Nodding solemnly, he shut his mouth and headed to his room, sending one final glance in the cellar’s direction on his way passed. Richie Tozier would be back soon – he knew it – and when he did return, Eddie was determined to catch him in the act. For the next hour, while he lay splayed out on his bed as he tried to concentrate on his homework, all he could really think about was this Tozier person and who he really was. How old was he? Was he some creepy old man who’d been spying on him and his mother for the past year or was he just a troubled teen, some kind of runaway or an escapee from a prison or some other kind of horrible place? None of them were particularly favourable options and if Eddie Kaspbrak had had his way no-one would have been secretly living in his house in the first place. And yet somebody clearly was.

He’d just about managed to write the first paragraph of his essay when his mother yelled to him from the kitchen. He leapt out of bed immediately, his body craving food as a result of him not having eaten since breakfast (his lunch had been taken from him by the local gang of bullies that morning and, being too weak to grab it back from only one teenager, he wouldn’t have had a hope in hell of getting it back from the four ridiculously tall, extremely volatile tyrants who so often enjoyed tormenting him) and darted into the kitchen, his mother frowning at his eagerness as he sat down opposite her at the small mahogany table. 

“You hungry?” she asked suspiciously, raising an eyebrow at her cowering son.

“It looks delicious,” he commented, nodding at the meal on his plate and carefully evading her question, but she stared at him until he answered, refusing to let him eat until she was satisfied. “I uh… I forgot my lunch this morning,” he stammered, hoping she’d be happy with his response.
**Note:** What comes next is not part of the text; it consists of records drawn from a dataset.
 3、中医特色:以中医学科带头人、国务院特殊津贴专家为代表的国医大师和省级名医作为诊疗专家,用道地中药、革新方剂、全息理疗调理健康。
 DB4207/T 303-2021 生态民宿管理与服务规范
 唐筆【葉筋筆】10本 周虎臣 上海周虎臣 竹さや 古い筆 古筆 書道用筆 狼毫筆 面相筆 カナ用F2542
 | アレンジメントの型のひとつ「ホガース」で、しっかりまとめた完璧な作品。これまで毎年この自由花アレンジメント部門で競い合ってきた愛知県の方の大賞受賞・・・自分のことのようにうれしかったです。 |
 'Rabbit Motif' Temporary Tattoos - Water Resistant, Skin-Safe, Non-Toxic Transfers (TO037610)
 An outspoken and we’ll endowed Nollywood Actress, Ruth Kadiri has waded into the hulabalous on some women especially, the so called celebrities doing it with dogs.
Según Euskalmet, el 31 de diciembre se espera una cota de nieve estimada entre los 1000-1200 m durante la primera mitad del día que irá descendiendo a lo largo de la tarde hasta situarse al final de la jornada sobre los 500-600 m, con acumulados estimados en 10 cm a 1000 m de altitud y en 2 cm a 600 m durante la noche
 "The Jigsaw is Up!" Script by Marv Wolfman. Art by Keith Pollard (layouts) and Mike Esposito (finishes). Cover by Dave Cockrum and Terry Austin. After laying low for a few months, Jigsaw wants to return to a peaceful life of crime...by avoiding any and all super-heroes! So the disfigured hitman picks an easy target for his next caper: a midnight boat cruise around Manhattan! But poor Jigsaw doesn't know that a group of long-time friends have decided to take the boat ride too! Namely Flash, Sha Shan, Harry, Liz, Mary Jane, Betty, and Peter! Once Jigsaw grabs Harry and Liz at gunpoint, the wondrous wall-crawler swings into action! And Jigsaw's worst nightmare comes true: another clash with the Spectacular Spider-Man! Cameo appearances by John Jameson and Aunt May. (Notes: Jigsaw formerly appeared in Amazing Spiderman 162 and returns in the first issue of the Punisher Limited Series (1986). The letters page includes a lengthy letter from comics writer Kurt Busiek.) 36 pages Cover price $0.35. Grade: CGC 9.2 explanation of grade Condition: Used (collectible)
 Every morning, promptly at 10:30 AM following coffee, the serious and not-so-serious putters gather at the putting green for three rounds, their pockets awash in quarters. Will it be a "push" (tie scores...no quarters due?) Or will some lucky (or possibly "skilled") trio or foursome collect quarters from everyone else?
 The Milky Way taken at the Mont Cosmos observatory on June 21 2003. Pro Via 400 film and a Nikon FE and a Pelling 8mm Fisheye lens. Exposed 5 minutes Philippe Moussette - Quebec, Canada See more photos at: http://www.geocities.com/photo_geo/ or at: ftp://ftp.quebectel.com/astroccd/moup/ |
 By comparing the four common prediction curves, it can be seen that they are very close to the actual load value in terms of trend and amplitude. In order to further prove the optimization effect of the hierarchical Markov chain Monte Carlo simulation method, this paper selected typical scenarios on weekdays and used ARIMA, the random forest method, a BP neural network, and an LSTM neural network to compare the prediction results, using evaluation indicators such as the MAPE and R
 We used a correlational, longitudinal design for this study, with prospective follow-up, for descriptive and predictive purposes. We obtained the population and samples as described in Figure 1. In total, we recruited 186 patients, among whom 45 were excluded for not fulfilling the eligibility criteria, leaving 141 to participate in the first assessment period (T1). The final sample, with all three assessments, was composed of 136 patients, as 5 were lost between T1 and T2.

“Oh, and your so-called friends didn’t give you any of theirs?” He was about to shake his head when she carried on speaking without waiting for a reply. “Just as well – they probably would have given you some kind of hideous disease. You know what they’re like.” He nodded silently, eyes glued to his plate. He hated it when she insulted them, even though she was probably right. But he secretly thought that she didn’t know them well enough to speak about them like that. “Eat up then, Eddie. And straight to bed afterwards, alright?” He nodded even though she didn’t really care whether he agreed or not – it was still light outside but she wouldn’t have been interested (or even tolerant) of any smart remarks he had to offer – so he wolfed down his food without giving it a moment’s thought.

He stayed up until almost midnight, by which time he had managed to finish his homework, though he knew his mother had expected him to be asleep within half a hour of him going to bed. He kept as quiet as possible while he stayed awake, knowing he’d be in a whole heap of trouble if she found out he wasn’t asleep, even if he was using his time to do his homework.

And when he laid down and closed his eyes, his thoughts turned back to the mysterious Richie Tozier.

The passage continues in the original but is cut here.